Патрик обнаружил, что разглядывает цветы. Рядом зазвонил телефон. Патрик поднял трубку.
— Папа?
— Привет, Эмбер, — Патрик устроился поудобнее на подушках, которые уже потеряли мягкость.
— Как твое плечо?
Патрик невольно повернулся, чтобы взглянуть на плечо, и почувствовал острую боль. Он осторожно вернул голову в прежнее положение.
— Не так уж и плохо.
— Я уговорила маму, она отвезет нас к тебе после обеда. Я забронировала отель на ее карточку. Мы из-за этого сильно кричали друг на друга, потому что я специально сделала бронь, которую нельзя отменить. Я ей сказала, что ты наш папа и что это нечестно — не разрешать нам с тобой видеться, когда ты при смерти.
Патрик расплылся в улыбке.
— То есть я не хотела сказать, что ты при смерти.

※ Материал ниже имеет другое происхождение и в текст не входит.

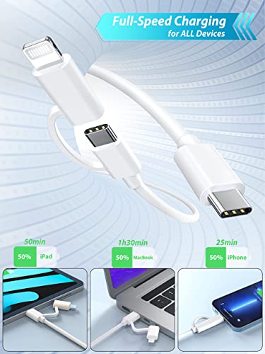 【Multi Cavo di Ricarica 2 in1】 - Design esclusivo Quntis USB C a Lightning e cavo per porta USB C, adatto a tutti i dispositivi con porte Tipo-C e Lightning. Devi solo utilizzare lo stesso cavo per caricare i dispositivi con porta Type-C e porta Lightning, che risolve il problema di cambiare frequentemente il cavo di ricarica e migliora la tua esperienza di ricarica quotidiana. (Nota: la ricarica di due dispositivi contemporaneamente non è supportata)
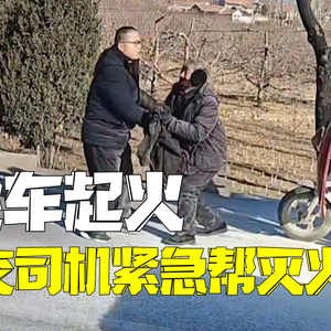 大爷的三轮车在路上起火,公交车司机看到后冲上去拿灭火器帮灭火。大爷跪地感谢,被公交司机一把扶起。目击者称当时看到觉得很感动,还是好人多。
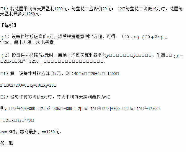(1)若花圃平均每天要盈利1200元,每盆花卉应降价多少元?
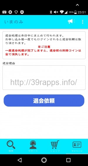 マイページ(プロフィール画面)から、「退会」ボタンを選ぶことで退会することができる。
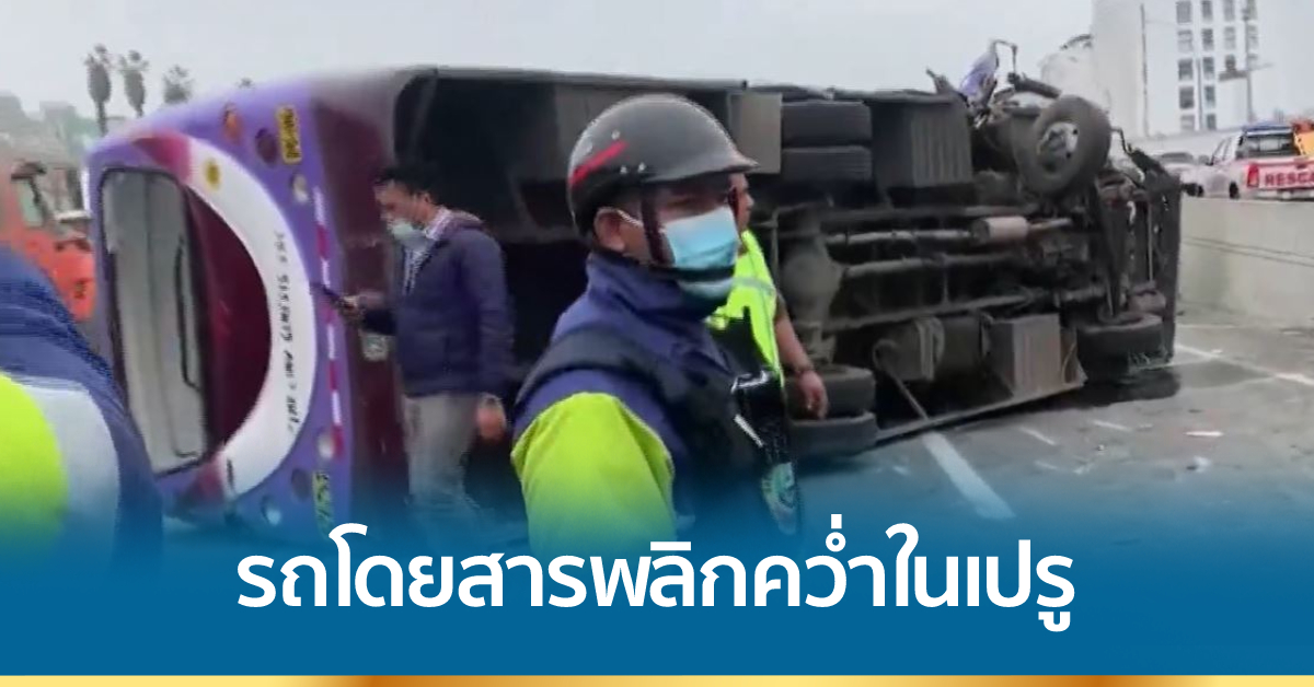 รถโดยสารพลิกคว่ำกลางถนนในเมืองซาน บอร์ฮา จังหวัดลิมา ของเปรู ทำให้มีผู้ได้รับบาดเจ็บ 17 คน ในจำนวนนี้เป็นเด็ก 3 คน ภาพจากกล้องวงจรปิดเผยให้เห็นว่ารถโดยสารขับชนแท่งแบริเออร์ซึ่งตั้งอยู่บริเวณเกาะกลางถนน ทำให้รถพลิกคว่ำทันที ส่งผลให้ผู้ขับขี่รถจักรยานยนต์ที่แล่นตามหลังไม่สามารถหลบได้ทันและชนท้ายรถโดยสารอย่างจัง คนขับกระเด็นไปไกลและได้รับบาดเจ็บ จากการสอบสวนพบว่าคนขับรถโดยสารใช้ความเร็วเกินกว่ากำหนด เมื่อประสบอุบัติเหตุชนแท่งแบริเออร์จึงไม่สามารถควบคุมรถได้.-สำนักข่าวไทย
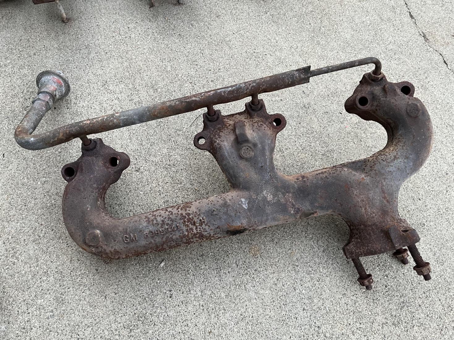 7801149 cast 137, stamped 148 squared off 72 only black fan (one nub broken off) smog pump spins freely and make the required noises to indicate that it may still pump as intended but no guarantee of course; consider it a rebuildable core. set up (as pictured below) includes these all original factory parts: 2X exhaust manifolds one numbered 3989041 dated D27 2 other side unknown 2X smog tubes 2X check valves 2X smog hoses 6271048 & 3939476 - original GM 4X tower clamps 4X beat up spark plug heat shields lower alternator bracket smog pump bracket with square retaining nut and bolt and 29295 diverter valve 3942533 extension set up will need clean up at best for a driver or resto; these piece have been sitting for years, no warrantee on anything of course. Cores. $350 plus shipping - this will be heavy and large, be prepared. Thanks all, Anthony |
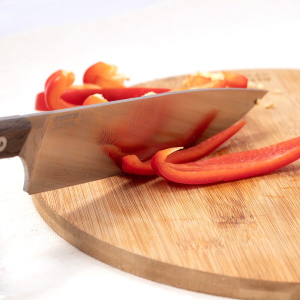 **STAINLESS STEEL BUILT FOR KITCHEN PERFORMANCE**: The blade is crafted from 5Cr14MoV stainless steel with a satin finish on the flats and adorned with a decorative laser-etched pattern. This stainless steel performs exceptionally well in humid environments, offering good elasticity and easy sharpening.

— Я тебя понимаю. Как твой день?
— Какой день?
— Рождество ведь. Получила подарки?
— Папа, да как я могла думать о Рождестве, ведь в тебя стреляли. Подарки я еще и не открывала. Даже и не хочется.

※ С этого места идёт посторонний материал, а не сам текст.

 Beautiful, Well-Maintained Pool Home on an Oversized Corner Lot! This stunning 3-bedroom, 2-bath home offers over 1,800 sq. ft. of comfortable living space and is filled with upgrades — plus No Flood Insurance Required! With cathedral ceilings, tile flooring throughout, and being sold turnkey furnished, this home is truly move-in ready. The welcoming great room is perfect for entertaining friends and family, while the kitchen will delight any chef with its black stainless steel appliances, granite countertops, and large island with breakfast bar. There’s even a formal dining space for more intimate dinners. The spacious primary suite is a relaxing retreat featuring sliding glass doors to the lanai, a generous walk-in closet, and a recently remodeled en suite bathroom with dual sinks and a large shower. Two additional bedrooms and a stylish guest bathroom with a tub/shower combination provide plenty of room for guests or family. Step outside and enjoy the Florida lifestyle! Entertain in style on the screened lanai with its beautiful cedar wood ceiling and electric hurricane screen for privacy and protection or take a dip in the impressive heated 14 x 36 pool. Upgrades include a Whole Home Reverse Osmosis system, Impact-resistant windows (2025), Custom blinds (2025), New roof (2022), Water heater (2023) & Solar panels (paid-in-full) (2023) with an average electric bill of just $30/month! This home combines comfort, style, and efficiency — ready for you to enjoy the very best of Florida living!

— Может быть, привезешь их сюда? Откроем их вместе.
— Но у меня нет подарка для тебя, папа, — тихо сказала Эмбер. — Я не знаю, что тебе подарить.
— Ты приедешь ко мне, хотя мама этого не хочет. Это будет лучший подарок.
— Прости меня, папа.
— За что?
Патрик услышал слабый всхлип.
— Любимая. Все хорошо. Я жду не дождусь, когда ты приедешь.

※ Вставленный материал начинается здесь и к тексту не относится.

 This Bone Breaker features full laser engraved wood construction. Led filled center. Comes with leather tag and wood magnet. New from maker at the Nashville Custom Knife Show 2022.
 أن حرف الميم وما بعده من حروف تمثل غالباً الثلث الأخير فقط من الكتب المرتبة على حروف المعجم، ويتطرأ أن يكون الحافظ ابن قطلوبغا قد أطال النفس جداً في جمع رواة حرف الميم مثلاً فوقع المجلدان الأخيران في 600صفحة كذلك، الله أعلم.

Положив трубку, Патрик снова повертел в руках открытку. Потом открыл ее и перечитал, что там написано.
Прости меня, Патрик. У меня не было выбора.
Пожалуйста, не говори никому ничего о происшествии, пока не поговоришь со мной. Мы рассказали всем нечто своеобразное. Сложная история. Но все это ради Скарлетт.
Мне очень жаль, что так вышло с твоим плечом. И я точно не вернусь к Мэтту. Я обещаю.
Желаю тебе всего самого лучшего в будущем. Я по-прежнему считаю тебя замечательным человеком.
Поправляйся. Я буду ждать возле палаты, когда ты проснешься.
Патрик сложил открытку и снова провел большим пальцем по картинке, где был изображен медведь с раненой лапой.
Он закрыл глаза и откинулся на подушки.
Разбор результатов допроса. Сай Индра, 32 года.
Констебль полиции, полицейская служба Северного Йоркшира.
Лицом к лицу. Полицейский участок.
Доброе утро, босс. Утро вечера, как вы сказали, мудренее, но я все равно ничего не понимаю.
Они все сговорились, все против одного. Бывшие супруги едут на выходные? И в конце концов в кого-то стреляют? Что бы это могло значить?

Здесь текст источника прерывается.